Grafting DOM on a C++ XML parser?
Chris Lovett
clovett at microsoft.com
Wed Nov 17 19:03:58 GMT 1999
Note: David Brownwell's conformance articles did NOT cover our IE5 COM based
MSXML.DLL.
-----Original Message-----
From: Ben Berck [mailto:BBerck at ESPS.com]
Sent: Wednesday, November 17, 1999 9:48 AM
To: xml-dev at ic.ac.uk
Subject: Grafting DOM on a C++ XML parser?
Sean of FalconWing wrote:
>>(Note that there are add-on utilities to graft DOM and SAX2 support to
>>various popular parsers too)
We have been burnt with relying on MSXML.DLL, so we have chosen Dundas
Software's new C++ XML parser, which includes source code. However, I was
disappointed to see that it doesn't support XML DOM.

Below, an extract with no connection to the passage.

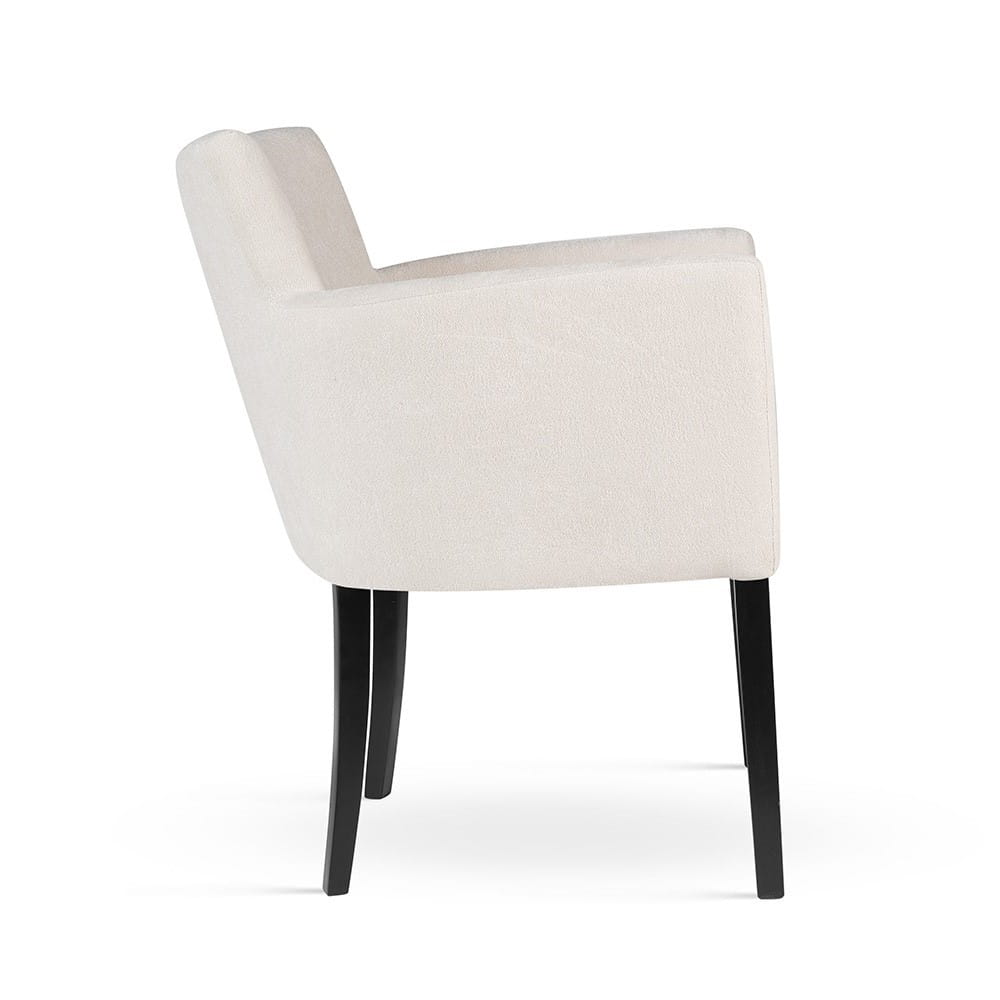 AZURRO Dream to krzesło fotelowe do jadalni, które daje odczucie komfortu jak w fotelu. Miękkie siedzisko, podłokietniki i otulająca forma sprawiają, że to idealny wybór dla osób, które szukają maksymalnej wygody przy stole. Tapicerowane tkaniną Dream, która jest miękka, przyjemna w dotyku i łatwa w czyszczeniu. Wiele wybarwień nóg do wyboru – na życzenie możliwe również kolory spoza standardowej oferty.

What add-on utility exists to get the DOM on top of a C++ XML Parser class?
Thanks,
Ben Berck
-----Original Message-----
From: schen at falconwing.com [ mailto:schen at falconwing.com
<mailto:schen at falconwing.com> ]
Sent: Wednesday, November 17, 1999 11:42 AM
To: Sean Mc Grath
Cc: xml-dev at ic.ac.uk
Subject: Re: Towards an XML Parser Compliance Table
Version:17-11-99-15:16
Hi Sean, everyone,
David Brownell already wrote up a nice article about this at:
http://www.xml.com/pub/1999/09/conformance/index.html
<http://www.xml.com/pub/1999/09/conformance/index.html>
which I can't get to at the moment.
His test driver can be found at http://home.pacbell.net/david-b/xml/
<http://home.pacbell.net/david-b/xml/>
>From memory:
On Wed, 17 Nov 1999, Sean Mc Grath wrote:
> Fully 1.0 Compliant - Non Validating
> -------------------------------------
4. Sun ProjectX
> Fully XML 1.0 Compliant - Validating
> ------------------------------------
2. Sun ProjectX
> Non XML 1.0 Compliant - Non-Validating
> --------------------------------------
aelfred
DataChannel
Microsoft
IBM XML4J
IBM XML4C
> Non XML 1.0 Compliant - Validating
> ----------------------------------
> nsgmls (C++)
> xmlproc (Python)
IBM XML4J
IBM XML4C (? I think)
-------------
BTW, I think a more useful table would include what other features the
parsers have, rather than just a strict compliance/validating judgement.
Example features to consider would be: parser size (why I use aelfred),
parser speed (why XP is a good choice), language supported (Java/C/C++),
DOM1 support, DOM2 support, SAX support, SAX2 support, namespace support,
external entities support, memory usage, maximum file size supported,
and last but not least character set encodings supported.